In 2017, Thompson played for the Binghamton Rumble Ponies of the Double-A Eastern League, where he posted a .263 batting average with 16 home runs and 68 RBI in 133 games. He played in only 25 games in 2018 due to injury. In 2019, Thompson split the year between Double-A Binghamton and the Triple-A Syracuse Mets, slashing .217/.290/.348 with 9 home runs and 45 RBI in 123 combined games.

Thompson did not play in a game in 2020 due to the cancellation of the minor league season because of the COVID-19 pandemic. In 2021, he spent the majority of the year with Triple-A Syracuse, batting .228/.329/.470 with 13 home runs, 39 RBI, and 10 stolen bases in 67 games.
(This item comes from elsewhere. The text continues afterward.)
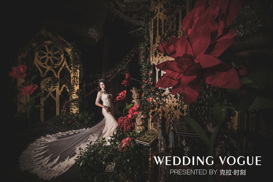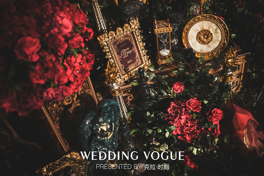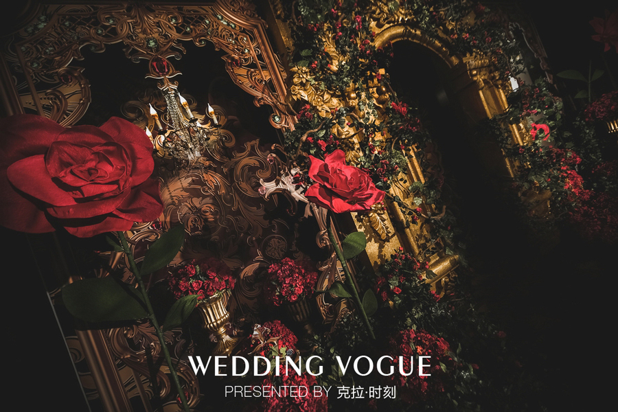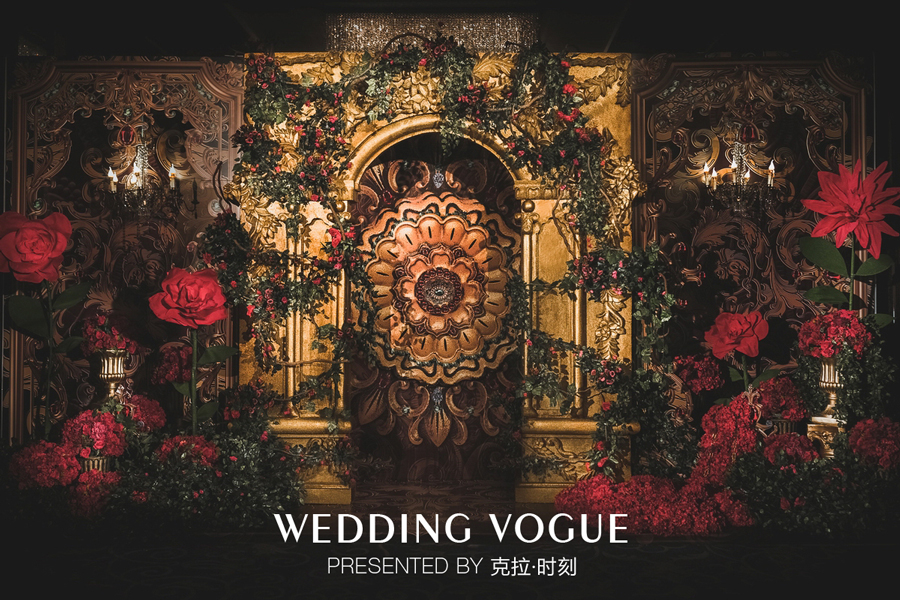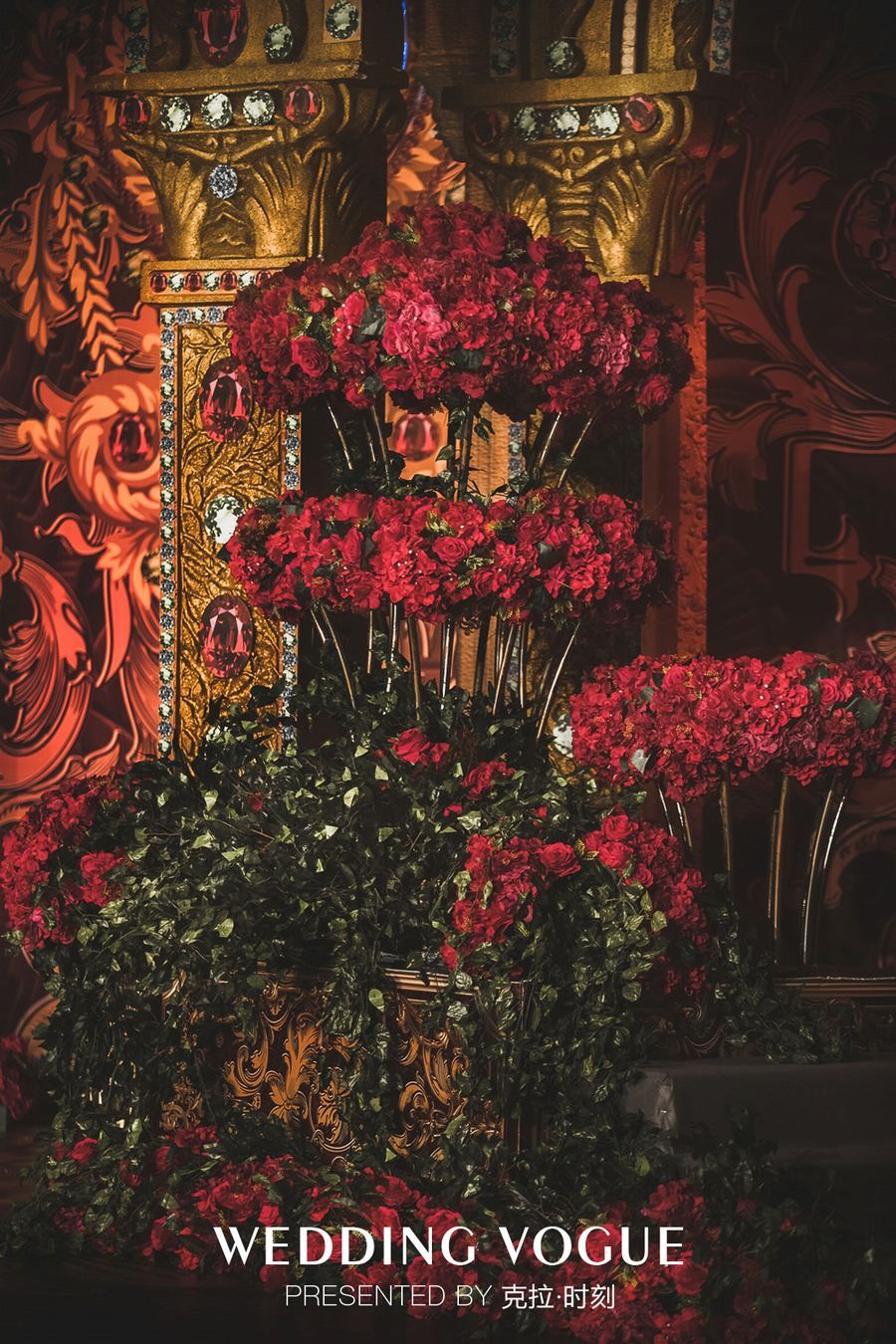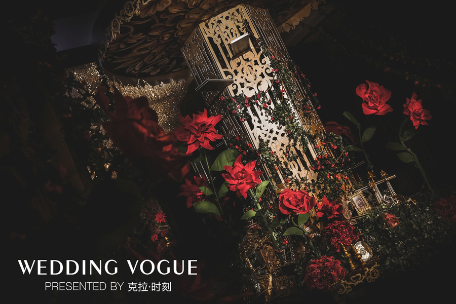 克拉·时刻作为这场婚礼的策划团队,首先尊重新人的婚礼需求:复古和红色,考虑到婚礼整体的氛围,决定整个设计走的是巴洛克复古风格。布置上引用厚重的文艺复兴晚期到巴洛克风的过渡时期的建筑结构,搭配攀爬的藤蔓和蜿蜒在藤蔓上盛开的红玫。

He elected free agency following the season on November 7, 2021.

===Kansas City Monarchs===
On March 28, 2022, Thompson signed with the Kansas City Monarchs of the American Association of Professional Baseball. Thompson played in 73 games for the Monarchs, hitting .346/.432/.636 with 19 home runs, 63 RBI, and 15 stolen bases. He was named an All-Star for the team in 2022. On April 6, 2023, Thompson was released by the Monarchs.